Multimodal biometric identification systems aim to combine two or more physical or behavioral traits to provide optimal False Acceptance Rate (FAR) and False Rejection Rate (FRR). In this paper a new fusion technique for fingerprint and iris spatial descriptors with a low execution time is presented. The report focuses on spatial fusion strategies, offering and proposing a modern perspective on multi-biometrics. In greater detail, a spatial-based approach and a homogeneous biometric vector, integrating iris and fingerprint data, are generated, fused, and processed for the overall system matching score. The goal of this approach is to demonstrate that, by using spatial iris features following the standard fingerprint approaches (faster and easier to extract with considerable saving execution time), the recognition system can sustain a comparable robust level with respect to literature frequency based approaches.
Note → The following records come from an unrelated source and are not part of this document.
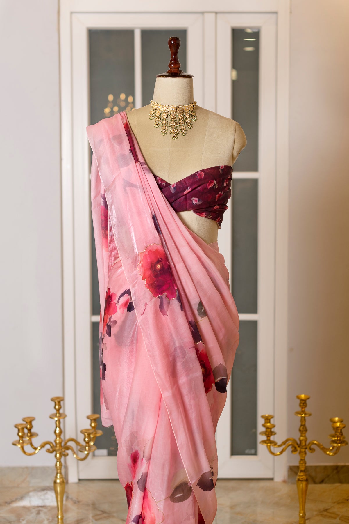 SOOT RAAG BLUSH PINK FLORAL PRINT SATIN SILK SAREE BLOUSE PIECE
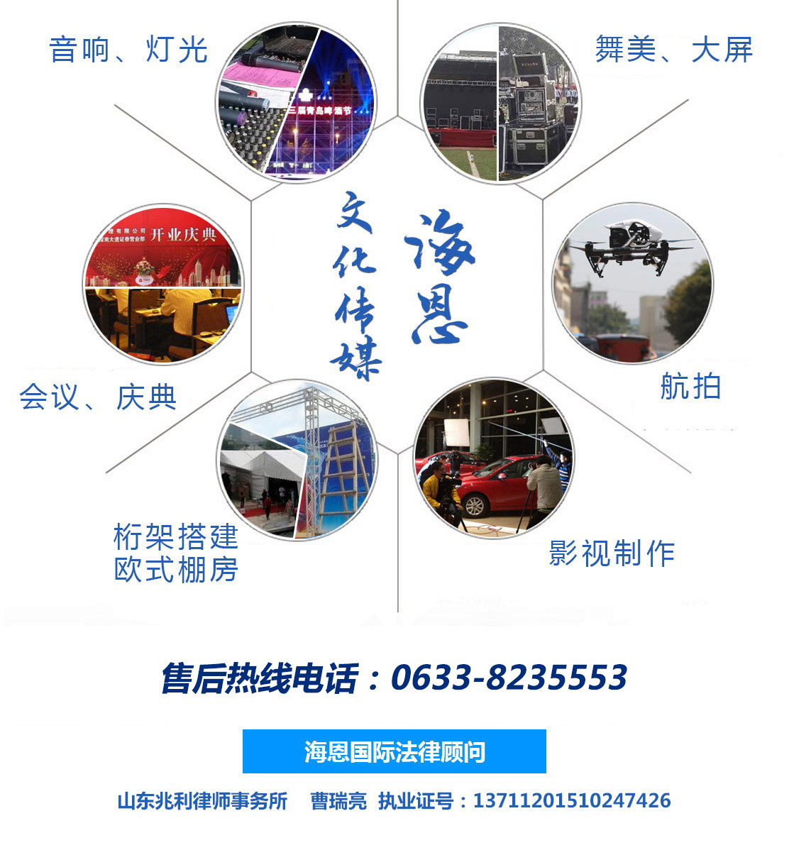 日照海恩國際展覽股份有限公司主要經(jīng)營:為文化藝術(shù)交流提供服務(wù),攝影攝像服務(wù),廣告圖文設(shè)計(jì),舞臺(tái)設(shè)計(jì),文化藝術(shù)交流策劃,舞臺(tái)藝術(shù)造型策劃,企業(yè)營銷策劃,商務(wù)信息咨詢,會(huì)議服務(wù),展覽展示服務(wù),禮儀慶典服務(wù),廣告設(shè)計(jì)制作等產(chǎn)品。公司尊崇“踏實(shí)、拼搏、責(zé)任”的企業(yè)精神,并以誠信、共贏、經(jīng)營理念,創(chuàng)造良好的企業(yè)環(huán)境,以全新的管理模式,完善的技術(shù),周到的服務(wù),我們始終堅(jiān)...
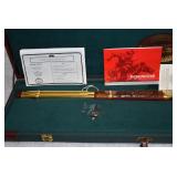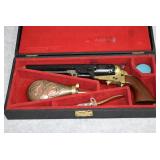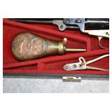 A. Pair of Colts – Mod. 1860 Army’s – “1777-1977 US Cavalry Commemorative Set” – 44 Cal. Black Powder Percussion Revolvers – w/8” Barrels w/Blade Front Sighs – Case Colored/Blued/Brass Finishes – w/Walnut Grips – Unfired w/Detachable Shoulder Stock, Powder Flask, Bullet Mold, Cap Box, Wooden Display Case & Brass Plate – The Guns & Shoulder Stock Are All Serial #175, Only 3020 Were Estimated to be Made But Not All Were Shipped
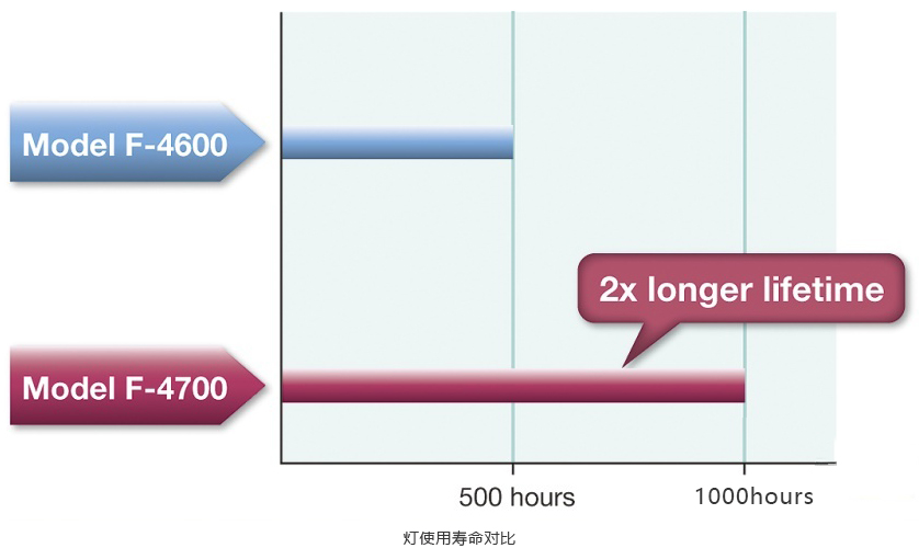 F-4700采用全新氙燈,并改良了燈電源,使得光源亮度提升,并有效延長氙燈的使用壽命至1000小時。延長燈泡更換周期可降低耗材成本,減輕燈泡更換等作業負擔。
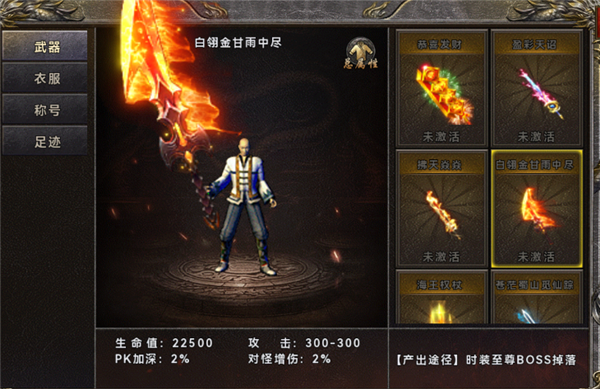 时装激活 激活各种武器、衣服和称号后,能提高生命值、攻击力等重要属性。
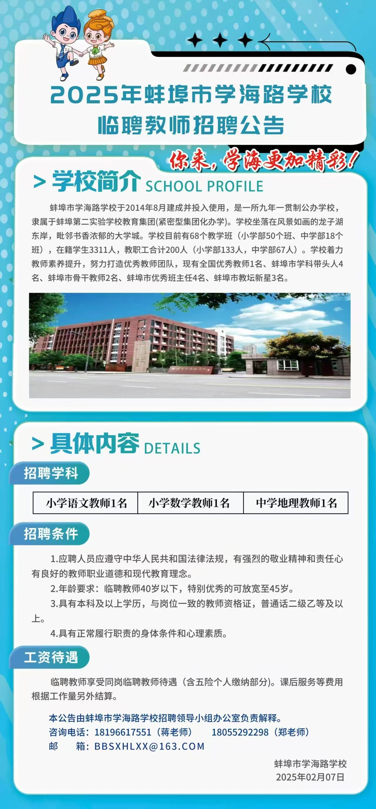 2025年蚌埠市學海路學校臨聘教師招聘公告

The resulting multimodal system achieves interesting performance with several commonly used databases, in terms of both accuracy rate and authentication time. As an example, an interesting working point with FAR = 0% and FRR = 7.07%÷9.64% has been obtained, by using the well-known BATH database and the FVC2002 DB2A database. The biometric trait processing time requires 6.44 Sec on a general purpose computer.
机译:多模式生物特征识别系统旨在结合两个或多个身体或行为特征,以提供最佳的错误接受率(FAR)和错误拒绝率(FRR)。本文提出了一种新的融合技术,用于指纹和虹膜空间描述符的执行时间短。该报告侧重于空间融合策略,提供并提出了关于多生物计量学的现代观点。更详细地,生成,融合和处理基于虹膜和指纹数据的基于空间的方法和同质生物特征向量,以用于整体系统匹配分数。该方法的目标是证明,通过使用遵循标准指纹方法的空间虹膜特征(更快,更容易提取,并节省了大量执行时间),识别系统可以相对于基于文献频率的方法保持相当的鲁棒水平。最终的多峰系统在准确率和身份验证时间方面都可以通过几个常用的数据库实现有趣的性能。例如,通过使用众所周知的BATH数据库和FVC2002 DB2A数据库,获得了FAR = 0%和FRR = 7.07%÷9.64%的有趣工作点。生物特征处理时间在通用计算机上需要6.44 Sec。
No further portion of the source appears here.